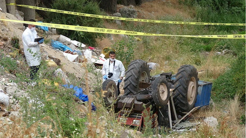 Traktör altında kalan sürücü, itfaiye ekibince çıkarıldı. Sağlık ekibi tarafından yapılan kontrolde sürücünün yaşamını yitirdiği belirlendi.
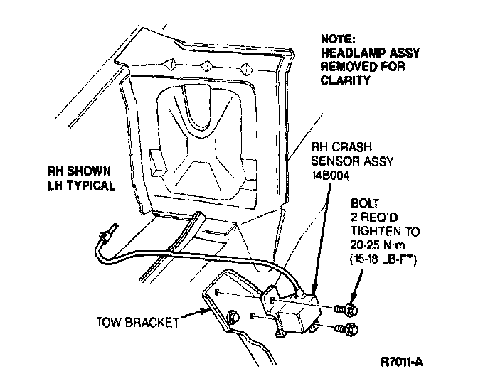 2. In servicing RH sensor, raise the RH headlamp by using the service switch. Remove RH headlamp bezel and splash shield.
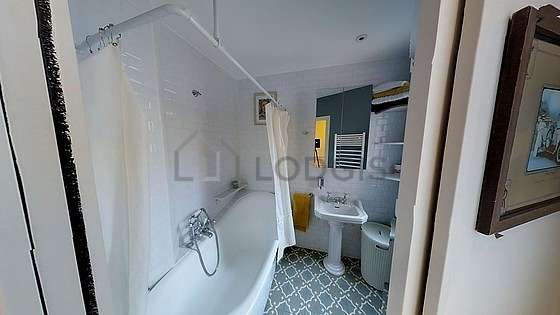 Este apartamento tiene una sala de baño magnífica y clara with ventanas doble acristalamiento. Este baño tiene todo lo necesario para su bienestar diario : toallas, estantería, bañera, sink, radiador seca-toallas. El WC está separado de la sala del baño y ubicado en un espacio independiente.
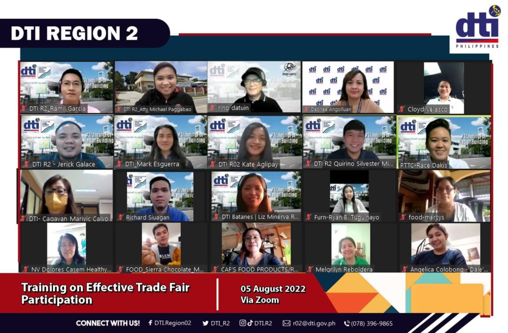 To prepare Region 2 MSMEs for the upcoming Padday na Lima Regional Trade and Investment Fair (RTIF) on 25 November 2022, the SME Development Division’s Marketing and Promotions Unit, in collaboration with the Philippine Trade Training Center (PTTC) and SHINE Cagayan Valley-RIIC, concluded its series on Market Expansions and Market Opportunities Webinar on 5 August 2022 via Zoom.
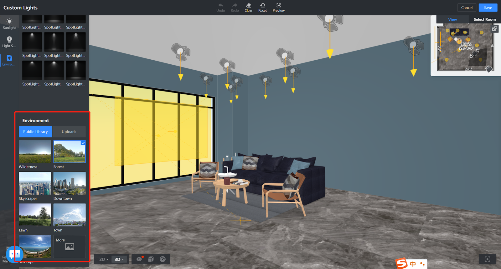 In the Environment section, you can select images of outdoor scenes from the public library or simply upload images of your own. After that, you can edit the images as needed.
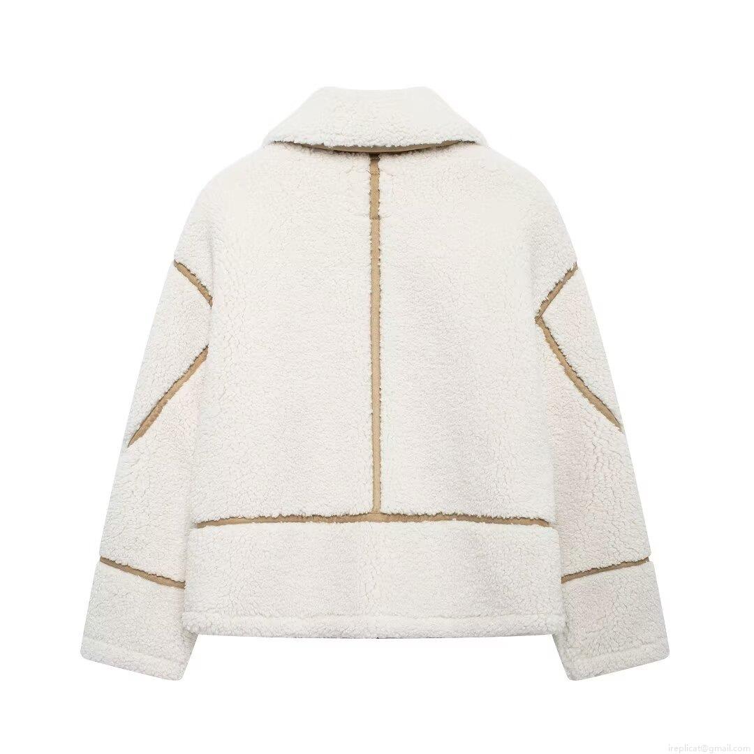 Women's Loose Sherpa Fleece Jacket Contrast Color Block Zip Up Lapel Outerwear Casual Warm Long Sleeve Winter Autumn Coat
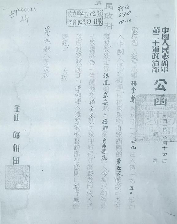 5.烈士楊金榮,福建省崇安縣上梅鄉(xiāng)吳席X莊人(按當(dāng)時記載的文字編寫),原中國人民志愿軍第二十軍戰(zhàn)士,1949年入伍,1950年參加中共人民志愿軍,在抗美援朝第五次戰(zhàn)役中光榮犧牲。
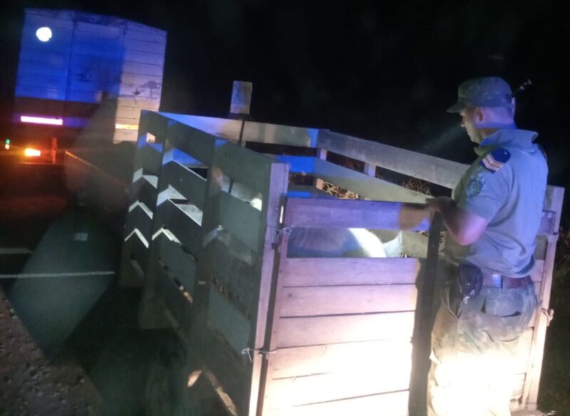 Según informaron, el personal policial detuvo la marcha de un camión Ford F-350, el cual era conducido por un hombre de 34 años. Al inspeccionar el vehículo, se constató que en un carretón de madera eran transportados una chancha y 17 lechones.
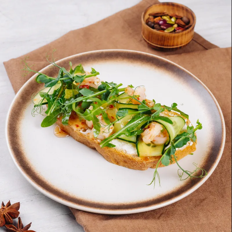 Хрустящий ломтик багета с нежным сыром, сочными креветками, свежими огурцами, рукколой и лёгкой пикантной заправкой. Лёгкое и изысканное блюдо для гурманов!
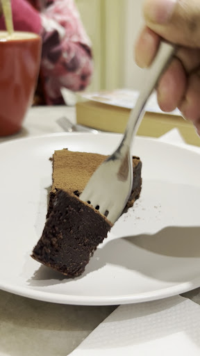 During our visit, we indulged in a delightful combination: a cup of coffee and a dense chocolate cake. Both were simply delicious!
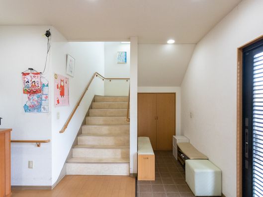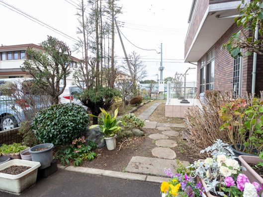 手すり付きのスロープが設置されており、歩行に不安がある方も安心して出入りできる設計です。
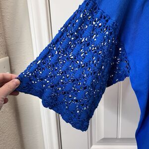 CopaCabana Blue Short Crochet Sleeves Tunic Top Beachy Coastal Womens Size 2/3XL

* _Task instructions_: Repeat only the lines from the one holding "手すり付きのスロープが設置さ" through the last line of the data, inclusive. Keep the pictures out.

* _Answer to the exercise_:
 手すり付きのスロープが設置されており、歩行に不安がある方も安心して出入りできる設計です。
 CopaCabana Blue Short Crochet Sleeves Tunic Top Beachy Coastal Womens Size 2/3XL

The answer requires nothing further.